Pictures stay out of the copy, which must hold exactly the lines from the one containing "800도 가마에서 초벌구이를" through the end of the material below.

> [Provided data]
§

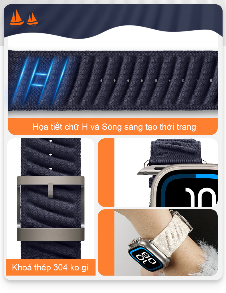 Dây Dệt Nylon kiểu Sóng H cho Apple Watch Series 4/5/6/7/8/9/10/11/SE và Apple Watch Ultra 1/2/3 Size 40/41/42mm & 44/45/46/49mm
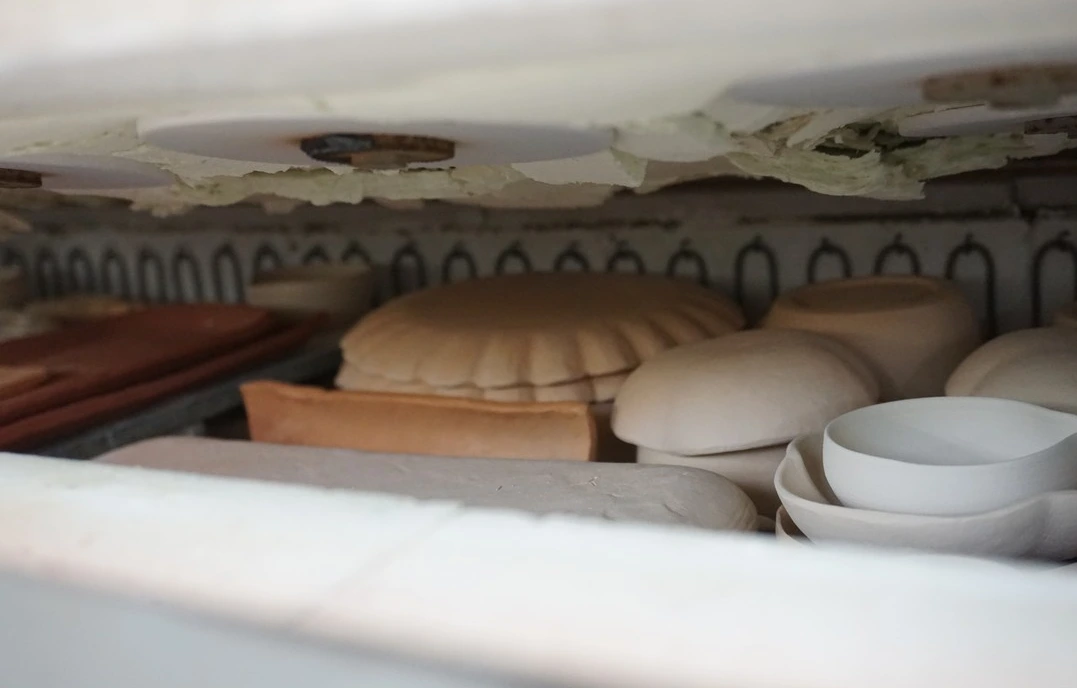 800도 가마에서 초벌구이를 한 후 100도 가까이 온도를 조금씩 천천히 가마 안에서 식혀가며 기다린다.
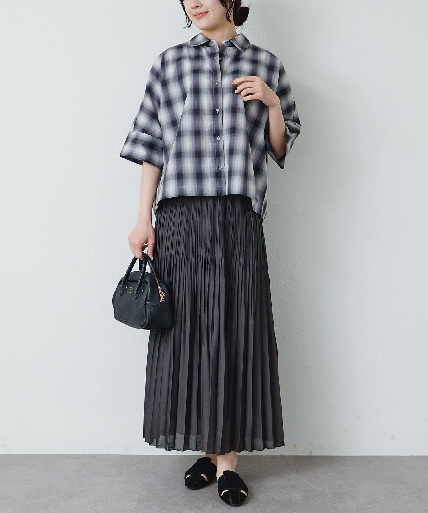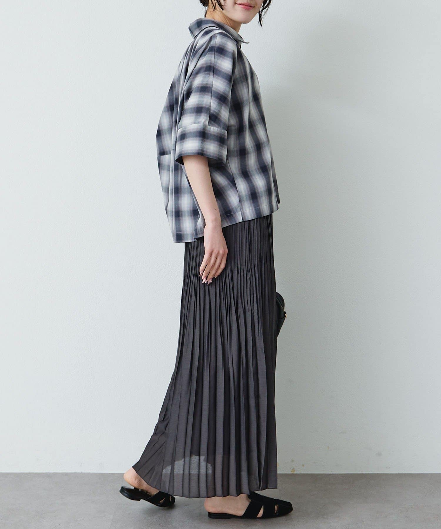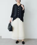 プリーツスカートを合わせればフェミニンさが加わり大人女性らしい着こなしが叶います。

§

> [Solution for this problem]
 800도 가마에서 초벌구이를 한 후 100도 가까이 온도를 조금씩 천천히 가마 안에서 식혀가며 기다린다.
 プリーツスカートを合わせればフェミニンさが加わり大人女性らしい着こなしが叶います。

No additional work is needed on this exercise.